Although triple wall corrugated board is useful to support a small child up to about five or six years of age when made into a chair, for example, the typical slotted, intersecting plane construction of the panels making up the chair makes a useful life of such a product rather limited. Depending on how the child sits, squirms or bounces in the chair and how often it is used, the expected life of even a triple wall corrugated cardboard chair is typically measurable in weeks. This is mainly due to the side thrust of the child's body against the sides of the chair, and the inability of the interrupted, relatively short joints of corrugated board to sustain such side thrust.
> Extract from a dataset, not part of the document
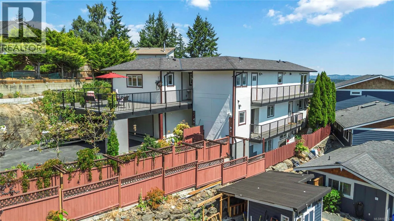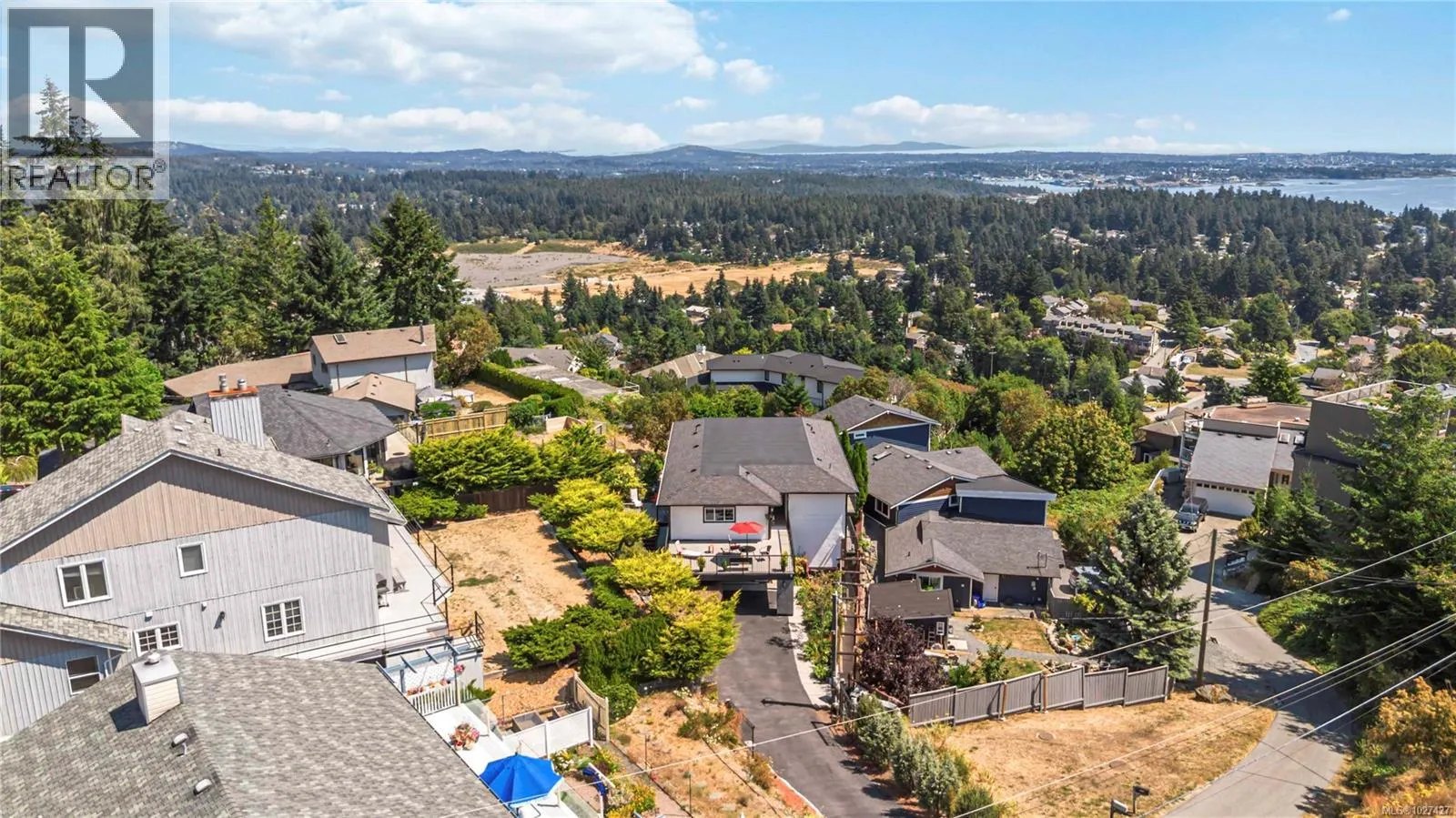 This exceptional 4630 square foot home offers an accessible elevator to all 3 levels and includes 2 fully self-contained 2-bedroom suitesâideal for multigenerational living or substantial rental income. Take in sweeping views of the Juan de Fuca Strait, Victoriaâs Inner Harbour, and majestic Mount Baker from numerous vantage points as multiple sundecks invite you to enjoy the ever-changing coastal landscape. Built in 2019, the flexible floor plan boasts 3 kitchens, 8 bathrooms, 2 offices, and spacious living areas that can be easily reconfigured to suit your needs, including expanding the main level suite to host 2 bedrooms. Additional features include a large double garage, a hot tub, a 400-amp service, pellet and propane stoves, and a central vacuum system. Perched on sought-after Triangle Mountain with transit close by and Westshore amenities just minutes away, this rare and unique home offers luxurious space, ultimate flexibility, and show-stopping views. (id:27476)

Ordinarily, the juncture of the side panels with the seat and back panels of such a chair is the weakest point of a side panel, and this weakest point is also subjected to the greatest stress. The sides can also be subject to damage if the flutes of the sheets are vertical, since corrugated board has the greatest tendency to bend in the direction of the flutes of the board rather than across the flutes. Side thrust along the front vertical edge of the side of the chair can present a problem, since a common construction is to have the side panel slotted horizontally adjacent the front edge to receive the seat panel, leaving nothing but the strength of the panel itself to resist the lateral force from a child's thigh, for example. In most child's seat designs, the chair's weakest points are at the side panels, oftentimes at the very areas of greatest and most frequent pressures and forces from an active child.